Vitamin E, Diazepam and Prozac have all been shown to be effective treatments should it be required. Scotty cramp is found in other breeds of terrier, including the Cesky Terrier. "Episodic Falling", a condition found in Cavalier King Charles Spaniels is considered to be similar to this disorder.

===Craniomandibular osteopathy===
Craniomandibular osteopathy, commonly known as "Lion Jaw", "Westie Jaw" or "Scottie Jaw", is caused by excessive bone growth in the mandible, usually occurring between three and six months of age. It is an autosomal recessive hereditary disorder, and can limit the ability of a dog to eat and drink. The Scottish Terrier is one of the more commonly affected breeds.

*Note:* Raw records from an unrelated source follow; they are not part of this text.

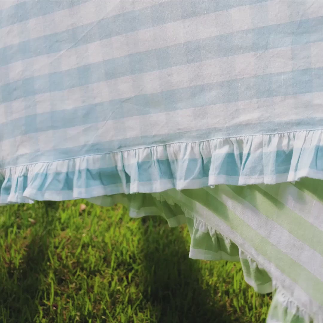 A classic gingham table runner is embellished with a ruffled edge for a touch of romantic country charm and easy elegance that’s perfectly lovely for garden parties, summer fêtes—and every day in between.
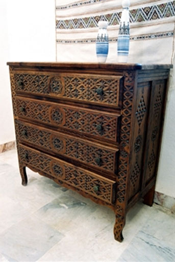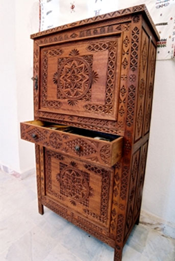 Le bois sculpté s’est développé avec un cachet typiquement local (Tlemcen, et kabylie). Les canapés, bureaux, tables, chaises, coffres, miroirs, etc ...) seront des produits d’un artisanat traditionnel algérien.
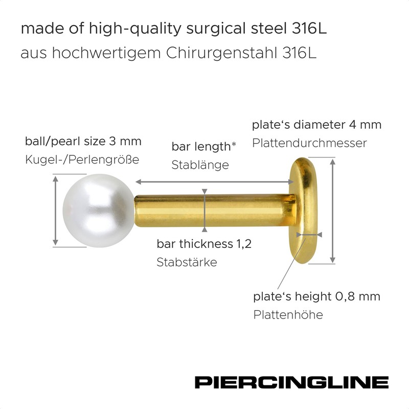 - Box contents: 1 surgical steel labret stud, 1.2 mm bar thickness, 10 mm bar length, gold colour, 3 mm bead size
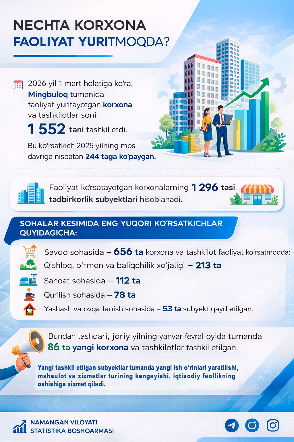 #Infografika Namangan viloyatida yangi tashkil etilgan korxonalar

===Von Willebrand's disease===
Von Willebrand's disease is a hereditary bleeding disorder found in both dogs and humans. DNA testing used widespread by what are known as reputable breeders, has caused a huge decrease in affected dogs. Once the mutation is found in a dog, the dog should not be bred. This disease is caused by a lack of von Willebrand factor which plays a role in the clotting process of blood. This can cause abnormal platelet function and prolonged bleeding times. Affected dogs can be prone to nose bleeds, and increased bleeding following trauma or surgery. There are three types of this condition with Type I being the most common, while Type II and III being rarer, but more severe. Type I von Willebrand's disease is relatively common in the Scottish Terrier.

Type I is more widespread in Doberman Pinscher, but is as common in the Shetland Sheepdog as the Scottish Terrier. The condition appears in most breeds to some extent, but other breeds with an increased risk include the Golden Retriever, German Shepherd Dog, Basset Hound and Manchester Terrier.